■ **WHAT TO PRODUCE**
In the records below, find the line containing "Николай Ежов (слева)", then copy that line and all lines after it, exactly, omitting every picture.

■ **PROVIDED DATA**
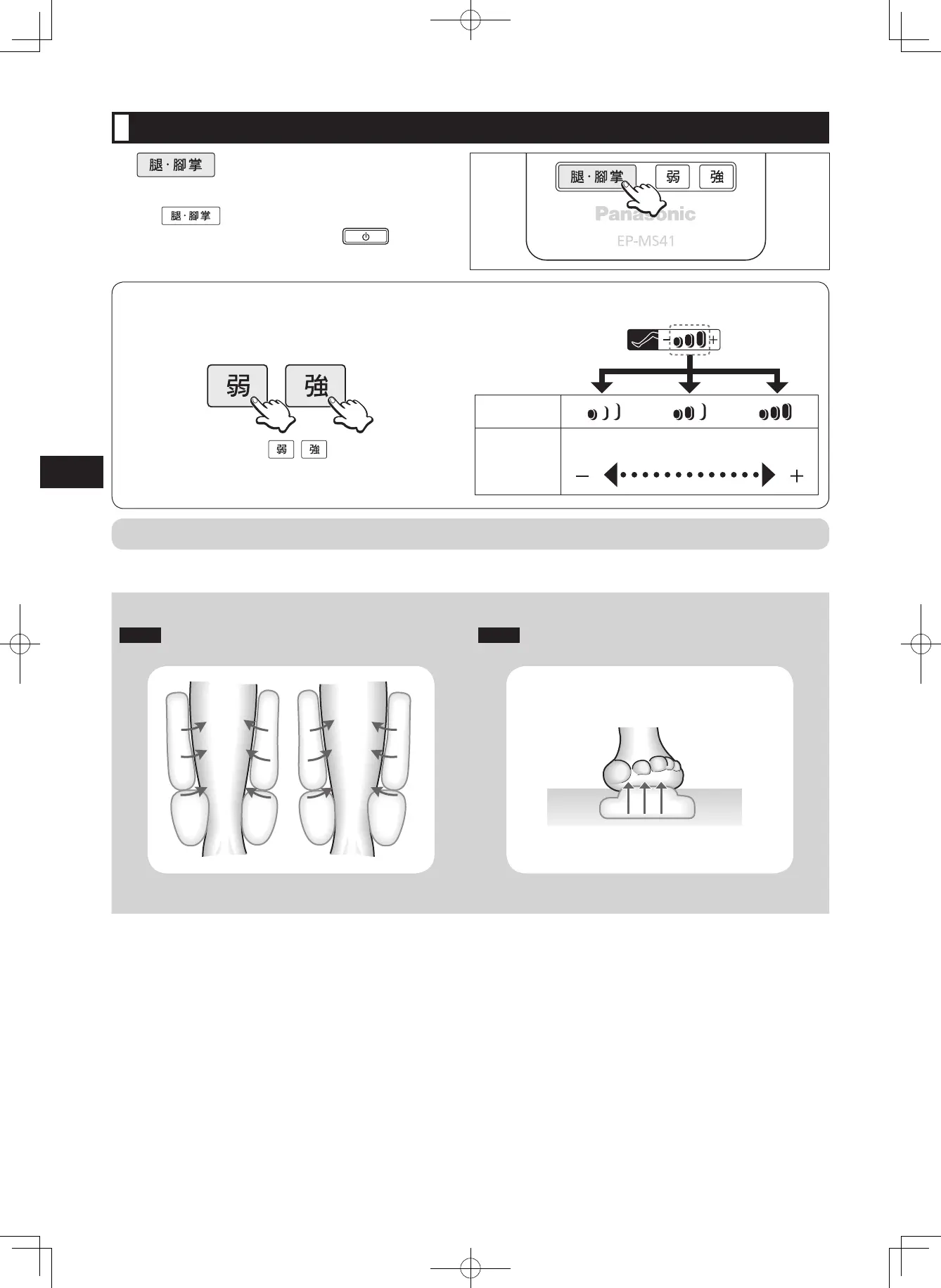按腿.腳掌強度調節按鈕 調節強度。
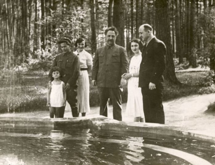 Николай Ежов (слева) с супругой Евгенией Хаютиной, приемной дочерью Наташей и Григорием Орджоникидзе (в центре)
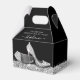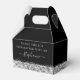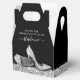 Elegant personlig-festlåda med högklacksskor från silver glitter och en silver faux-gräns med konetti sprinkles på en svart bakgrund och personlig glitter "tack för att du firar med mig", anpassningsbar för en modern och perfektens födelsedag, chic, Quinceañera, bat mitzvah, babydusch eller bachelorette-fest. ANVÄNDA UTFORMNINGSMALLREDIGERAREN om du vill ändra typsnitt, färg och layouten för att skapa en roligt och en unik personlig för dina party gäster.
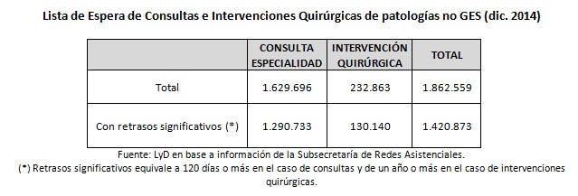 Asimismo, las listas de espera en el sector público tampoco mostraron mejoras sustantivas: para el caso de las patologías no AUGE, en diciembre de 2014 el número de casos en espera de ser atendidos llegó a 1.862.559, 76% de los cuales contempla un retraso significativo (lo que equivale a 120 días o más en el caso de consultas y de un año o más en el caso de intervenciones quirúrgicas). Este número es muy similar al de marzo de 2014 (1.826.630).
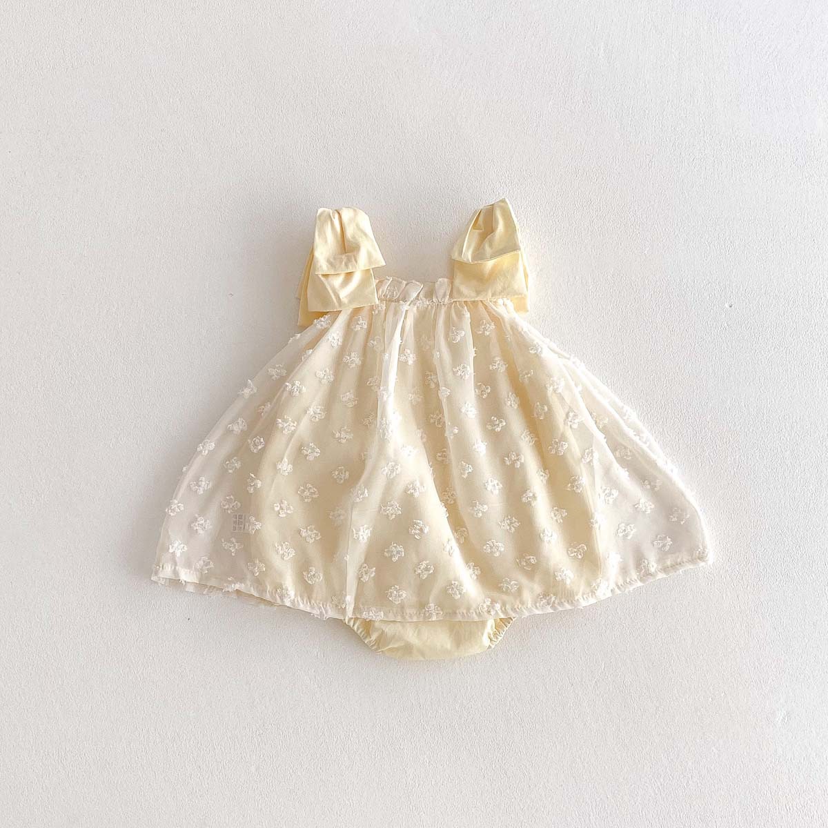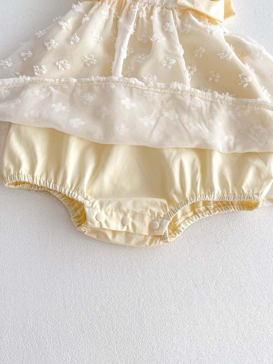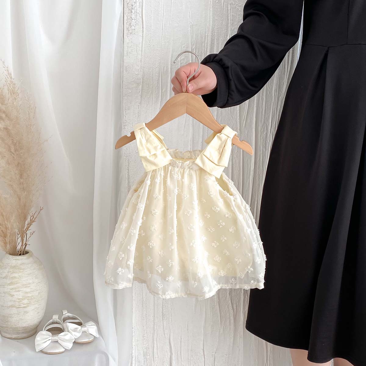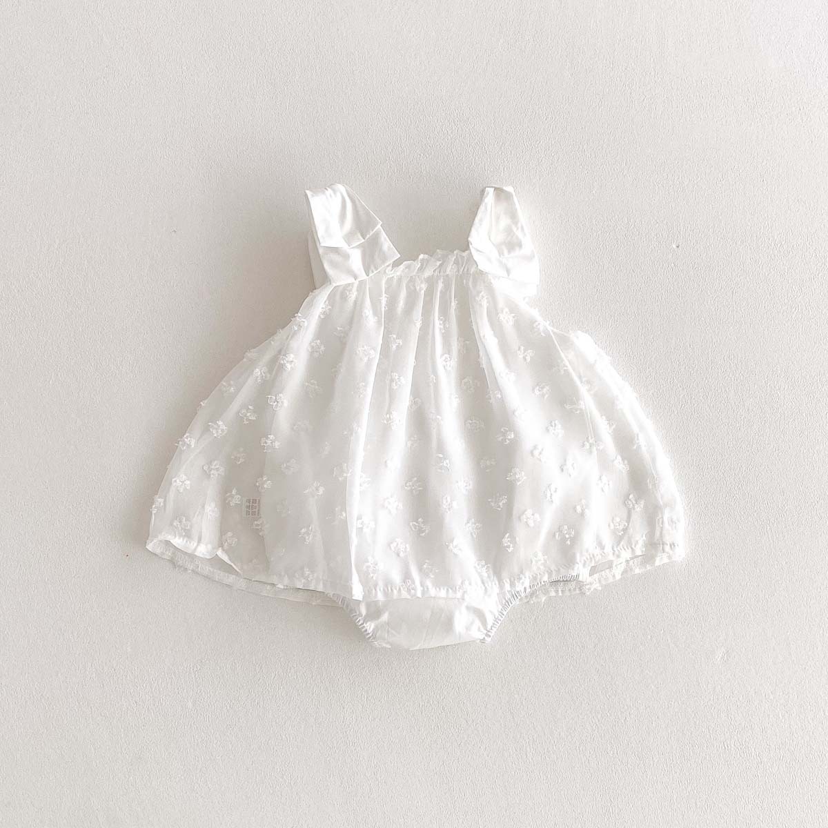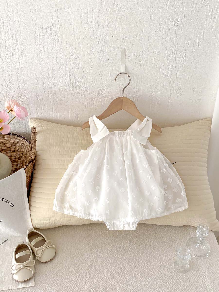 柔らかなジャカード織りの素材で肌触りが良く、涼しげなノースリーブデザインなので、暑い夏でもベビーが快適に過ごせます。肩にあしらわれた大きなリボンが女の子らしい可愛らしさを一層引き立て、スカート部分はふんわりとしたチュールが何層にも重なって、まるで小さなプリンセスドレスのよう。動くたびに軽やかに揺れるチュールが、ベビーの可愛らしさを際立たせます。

■ **EXERCISE ANSWER**
 Николай Ежов (слева) с супругой Евгенией Хаютиной, приемной дочерью Наташей и Григорием Орджоникидзе (в центре)
 Elegant personlig-festlåda med högklacksskor från silver glitter och en silver faux-gräns med konetti sprinkles på en svart bakgrund och personlig glitter "tack för att du firar med mig", anpassningsbar för en modern och perfektens födelsedag, chic, Quinceañera, bat mitzvah, babydusch eller bachelorette-fest. ANVÄNDA UTFORMNINGSMALLREDIGERAREN om du vill ändra typsnitt, färg och layouten för att skapa en roligt och en unik personlig för dina party gäster.
 Asimismo, las listas de espera en el sector público tampoco mostraron mejoras sustantivas: para el caso de las patologías no AUGE, en diciembre de 2014 el número de casos en espera de ser atendidos llegó a 1.862.559, 76% de los cuales contempla un retraso significativo (lo que equivale a 120 días o más en el caso de consultas y de un año o más en el caso de intervenciones quirúrgicas). Este número es muy similar al de marzo de 2014 (1.826.630).
 柔らかなジャカード織りの素材で肌触りが良く、涼しげなノースリーブデザインなので、暑い夏でもベビーが快適に過ごせます。肩にあしらわれた大きなリボンが女の子らしい可愛らしさを一層引き立て、スカート部分はふんわりとしたチュールが何層にも重なって、まるで小さなプリンセスドレスのよう。動くたびに軽やかに揺れるチュールが、ベビーの可愛らしさを際立たせます。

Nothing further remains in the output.